### MATERIALS PROVIDED
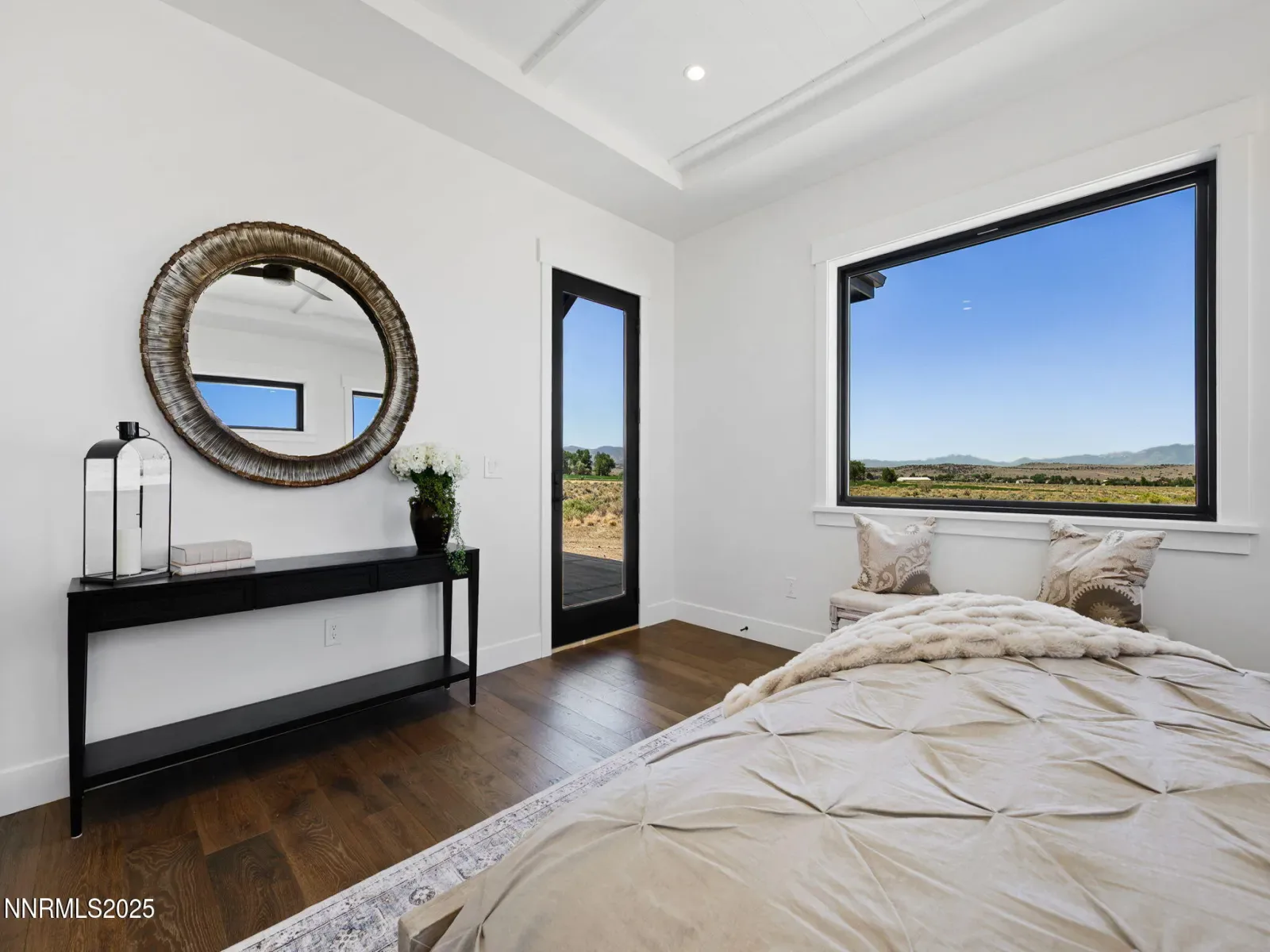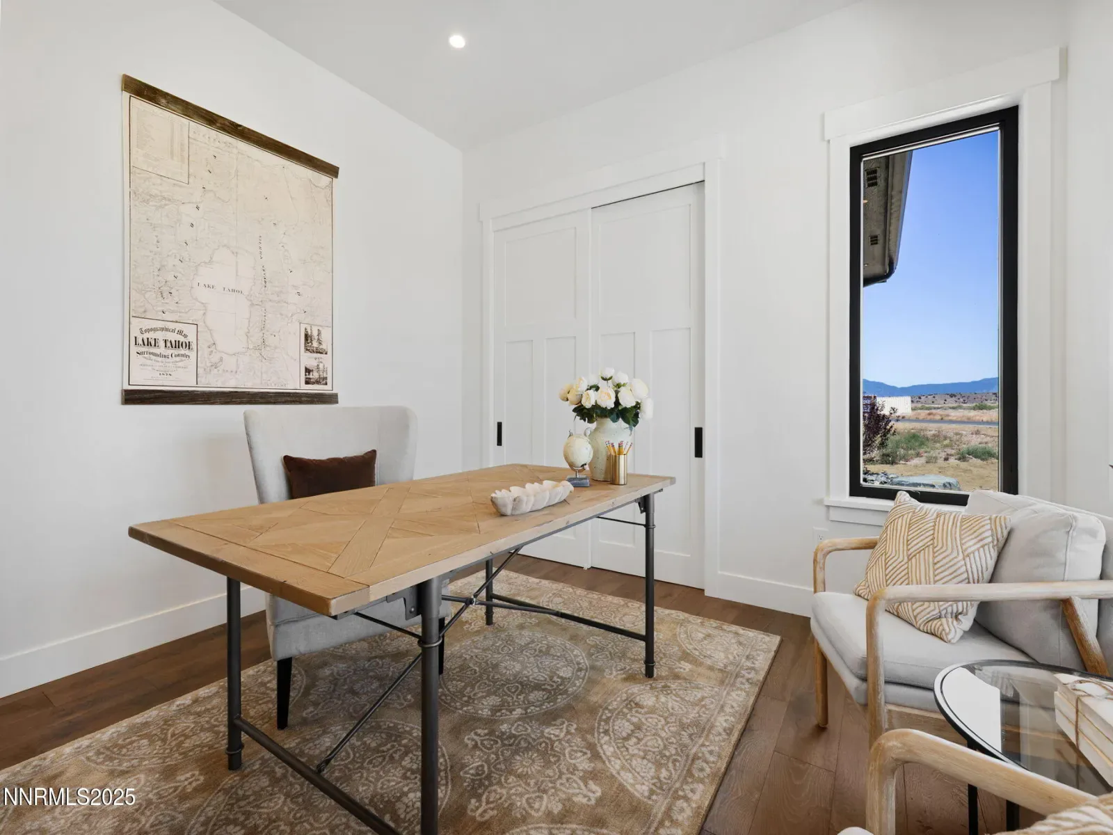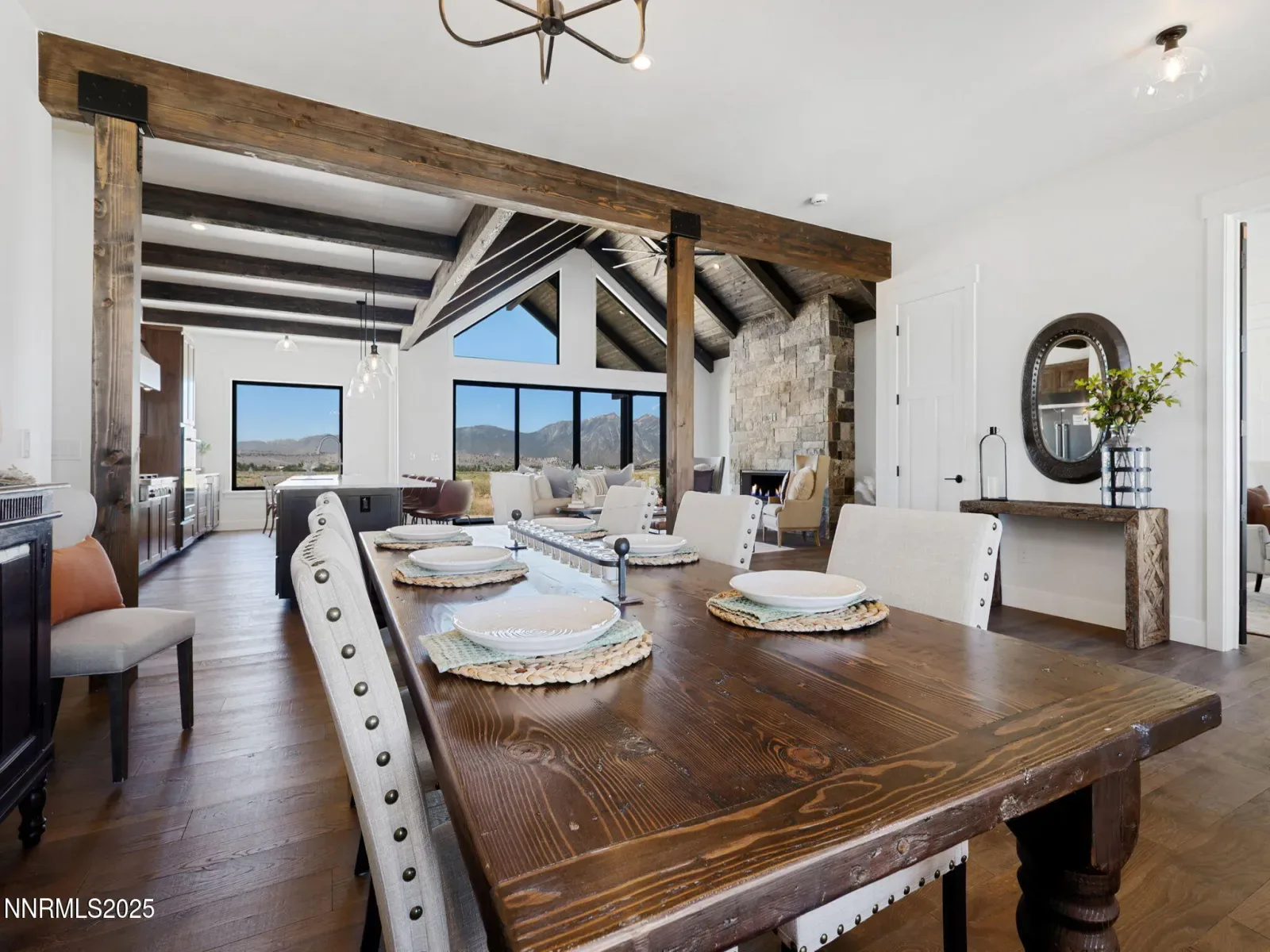 Experience elevated living in this brand-new 2025 custom luxury home on 5.72 private acres, with sweeping panoramic views of Jobs Peak and the Sierra Nevada. Designed for those who love the outdoors, it offers the rare combination of space, privacy, and easy access to town amenities. BLM land is just a few parcels away, creating endless opportunities for hiking, biking, and exploring right out your front door. Spanning 3,583 square feet, this thoughtfully designed 4-bedroom, 3.5-bath residence blends modern sophistication with the ease of single-level living. Soaring ceilings and walls of glass frame the alpine landscape, filling the home with natural light and connecting the interior to the outdoors at every turn. Built with comfort and performance in mind, this energy-efficient home uses high-end materials and modern systems for quiet, year-round living. The chef’s kitchen—with an oversized island, premium appliances, and a built-in wine fridge—is ideal for gathering with friends after a day on the trails. The great room features a sleek linear gas fireplace and expansive windows that open to the views, creating a warm and inviting space for entertaining. A dedicated office, spacious mudroom, and spa-inspired primary suite ensure everyday functionality. An upstairs bonus room with a full bath offers flexibility for guests, a studio, a gym, or a media room. Outside, a custom boulder water feature adds to the sense of retreat, while the oversized 4-car garage provides plenty of space for gear, vehicles, and hobbies. All of this sits just minutes from town, 30 minutes to Lake Tahoe and Heavenly, and only an hour to Reno-Tahoe International Airport. Located in tax-friendly Nevada, this home offers both convenience and seclusion in an unbeatable setting. With top-tier craftsmanship, breathtaking views, and a layout designed for everyday luxury, this is a rare opportunity to own a brand-new, upscale home with the space to live, explore, and thrive.
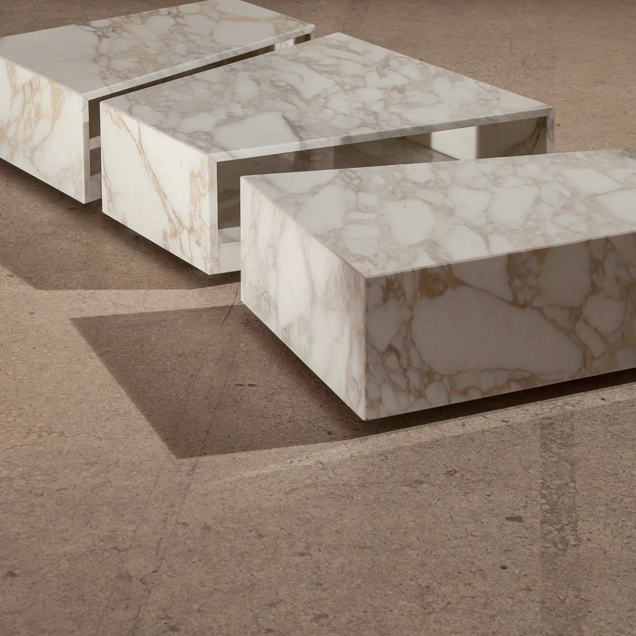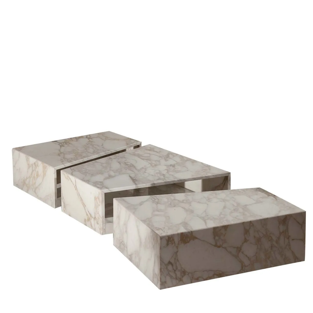 Questo maestoso tavolino non è solo un oggetto d’arredo funzionale, ma funge anche da contenitore. L’audace profilo è composto da tre pezzi dotati di ruote piroettanti, realizzati in marmo bianco Calacatta, che mostra le sue singolari e spesse venature grigie. I tavoli possono essere realizzati anche in marmo bianco di Carrara, in pietra Bardiglio Imperiale e in pietra lavica, per i dettagli rivolgersi al Concierge.
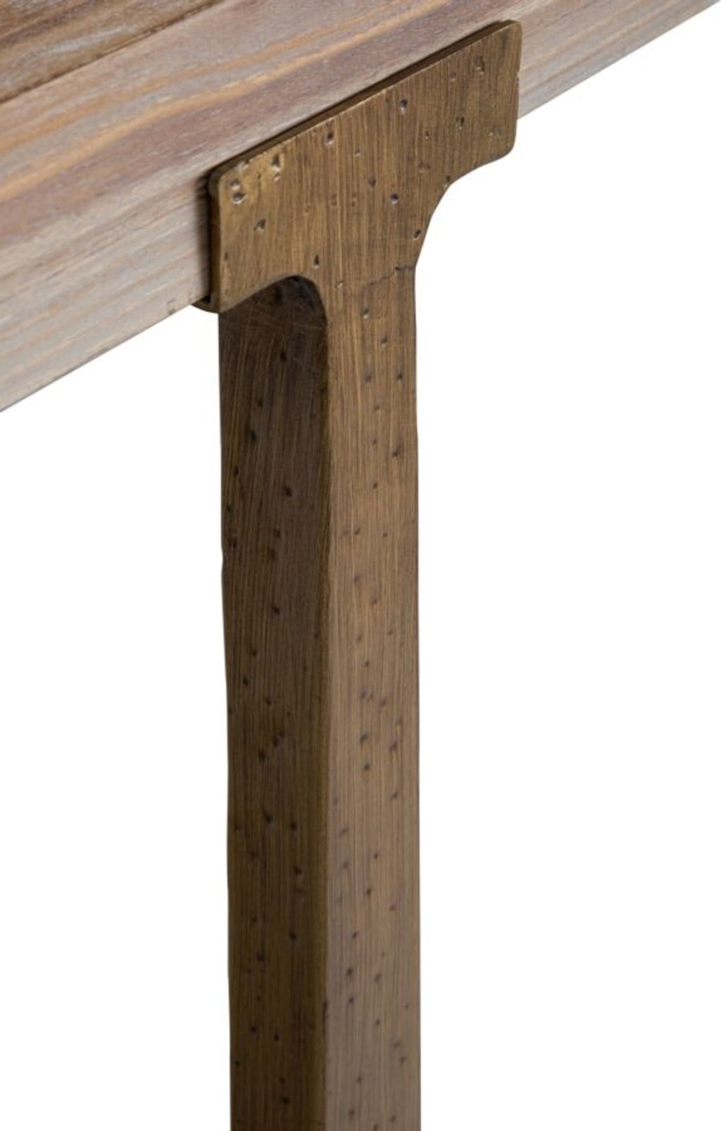 Im Kontrast dazu steht das kantige Metallgestell in einem dunkleren Bronze-Ton. Dieses Gestell sorgt nicht nur für höchste Stabilität, sondern verleiht dem Tisch auch einen kühlen, industriellen Touch. Dieser Tisch ist das ideale Herzstück für dein modernes Zuhause, das Wert auf klare Formen und charaktervolle Materialien legt!
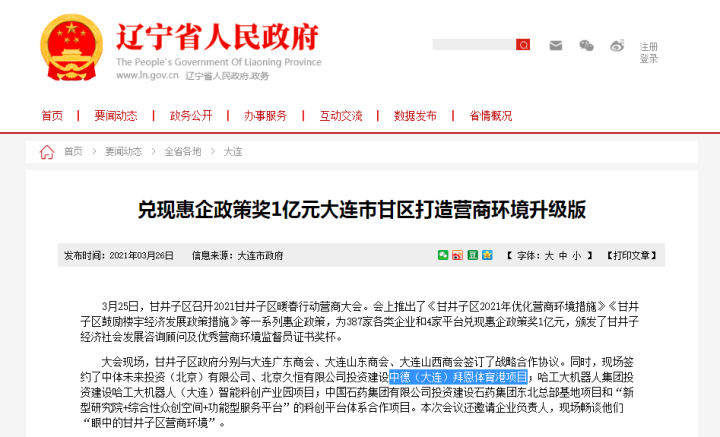 大连市政府发布:甘井子区签约中体未来投资(北京)有限公司、北京久恒有限公司投资建设中德(大连)拜恩体育港项目。
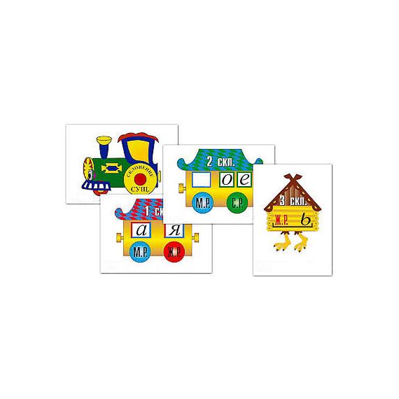 Пособие состоит из 4 полноцветных таблиц формата 27*39 см, ламинированных матовой пленкой. Таблицы посвящены трем склонениям имен существительных, изобразительно объединены темой паровоза и путешествия, что отражается и становится понятным в ходе урока.
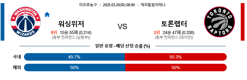 워싱턴 대 토론토 NBA 03월25일 맞대결 생중계, 스포츠중계, 스포츠분석
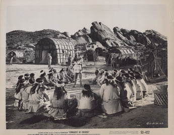 Capture the spirit of the Old West with this original vintage photograph featuring John Hodiak and Rodd Redwing from the 1953 Western classic, Conquest of Cochise. This rare studio-issued still showcases the dramatic tension and historical significance of the film, which explores the complex relationships between settlers, Native Americans, and the U.S. Cavalry in 1850s Arizona.
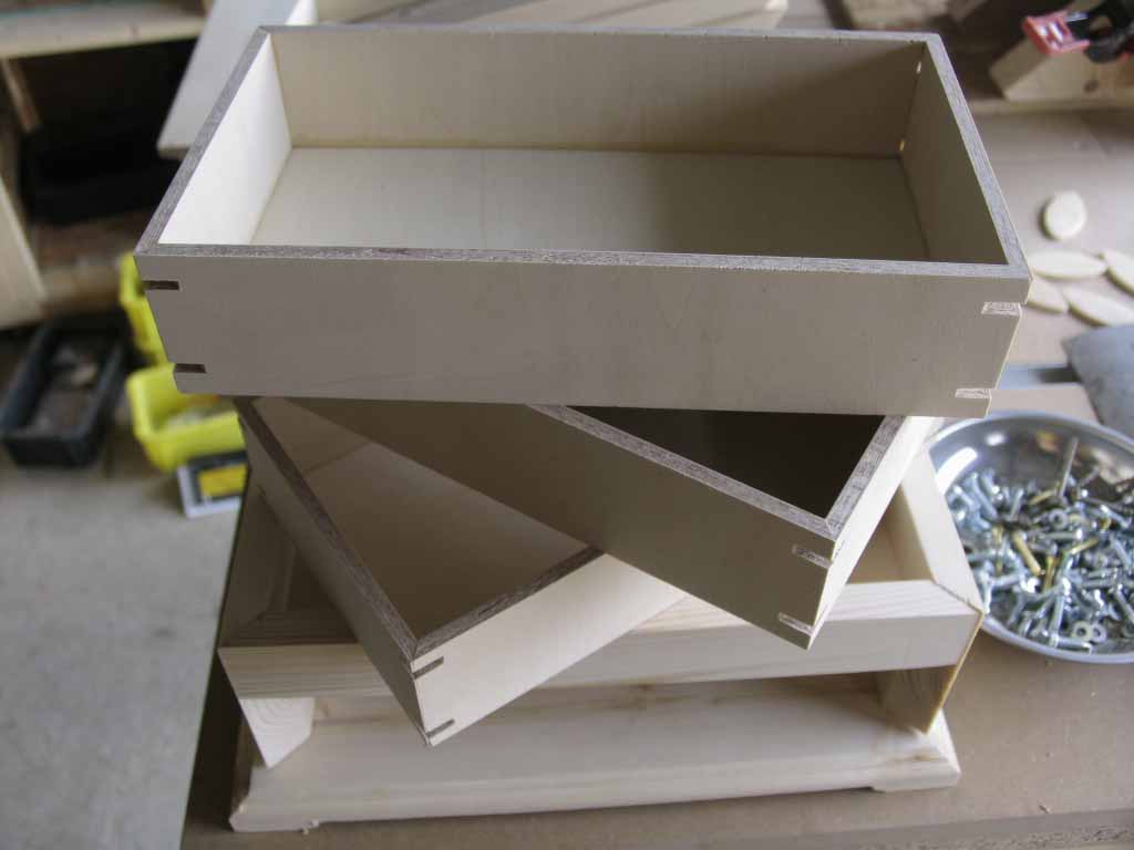 3台分の抽き出しの留め実加工完了。
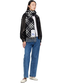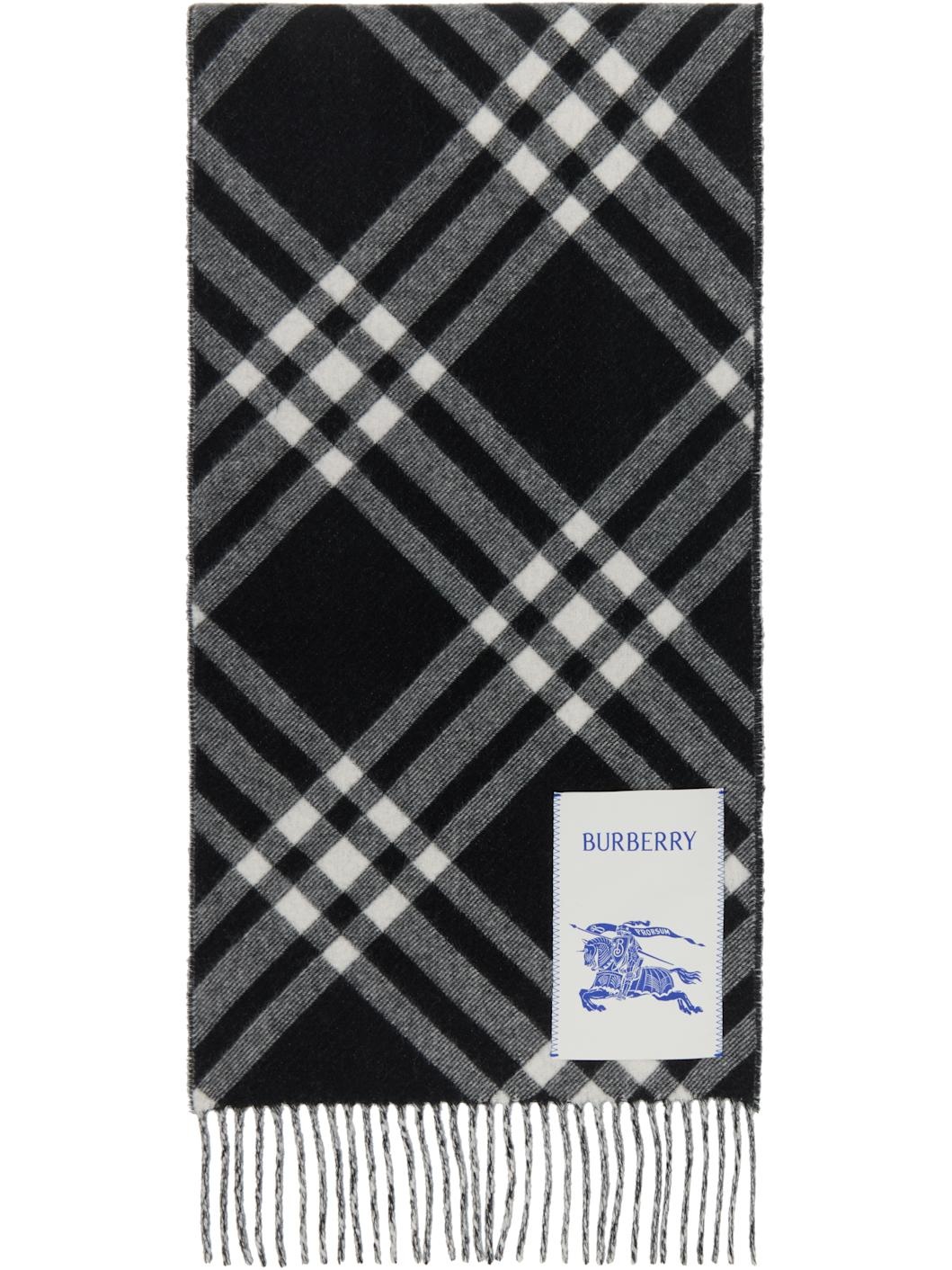 Rectangular cashmere flannel scarf. · Check pattern throughout · Logo patch at face · Fringed detailing at ends · L64" x W12 Supplier color: Black 100% cashmere. Made in United Kingdom 252376F028035

### PROBLEM DESCRIPTION
Reproduce the lines of the listing exactly, starting at the one that contains "Пособие состоит из" and continuing through the final line, but leave out the pictures.

### FINAL ANSWER
 Пособие состоит из 4 полноцветных таблиц формата 27*39 см, ламинированных матовой пленкой. Таблицы посвящены трем склонениям имен существительных, изобразительно объединены темой паровоза и путешествия, что отражается и становится понятным в ходе урока.
 워싱턴 대 토론토 NBA 03월25일 맞대결 생중계, 스포츠중계, 스포츠분석
 Capture the spirit of the Old West with this original vintage photograph featuring John Hodiak and Rodd Redwing from the 1953 Western classic, Conquest of Cochise. This rare studio-issued still showcases the dramatic tension and historical significance of the film, which explores the complex relationships between settlers, Native Americans, and the U.S. Cavalry in 1850s Arizona.
 3台分の抽き出しの留め実加工完了。
 Rectangular cashmere flannel scarf. · Check pattern throughout · Logo patch at face · Fringed detailing at ends · L64" x W12 Supplier color: Black 100% cashmere. Made in United Kingdom 252376F028035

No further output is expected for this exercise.